Generate supporting visuals programmatically (matplotlib → docs/research/) and embed them by relative path in the blog HTML. This makes regeneration trivial when numbers change.
Why This Matters
Hardcoded numbers in blog copy inevitably drift from reality as:
- More parliamentary windows are added (38 → 41 → …)
- SVD methodology changes (e.g., Procrustes alignment, window selection)
- Pipeline components are added or removed from production
When numbers drift, the post loses credibility and requires an expensive archaeology pass to fix. Generating them from the pipeline makes each update a single script run.
When to Apply
- Before publishing or updating any post that cites quantitative pipeline outputs
- When the pipeline has changed (new windows, new methodology) and existing posts reference old numbers
- When removing or adding a pipeline stage — audit all docs for references to that stage
Examples
Before (hardcoded, stale):
<p>PC1 explains ~32% of the variance and PC2 explains ~21% — together ~52%.</p>
After (derived from pipeline, accurate):
# scripts/generate_blog_assets.py
from analysis.political_axis import compute_svd_spectrum
evr = compute_svd_spectrum(window_ids=["current_parliament"])

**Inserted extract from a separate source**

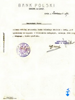 Ale wybiegliśmy tu w przyszłość. Wróćmy zatem do przygotowującej się do wojny Łomży. Dla mnie wojna rozpoczęła się 2 września 1939 roku. W tym dniu otrzymaliśmy z Mamą dokumenty ewakuacyjne z Banku Polskiego i odprawę pieniężną.

# evr[0] = 0.290, evr[1] = 0.1146 → PC1~29%, PC2~11.5%, total~41%
<p>PC1 explains ~29% of the variance and PC2 explains ~11.5% — together ~41%.</p>
Multi-window EVR (Procrustes-aligned across all 41 windows):
evr_multi = compute_svd_spectrum() # no window_ids → all windows
# evr_multi[0] = 0.1463, evr_multi[1] = 0.1310
Party agreement for a specific window:
import duckdb
con = duckdb.connect("data/motions.db")
# Agreement between two parties in a quarter
sql = """
SELECT AVG(CASE WHEN a.vote = b.vote THEN 1.0 ELSE 0.0 END)
FROM mp_votes a JOIN mp_votes b USING (motion_id)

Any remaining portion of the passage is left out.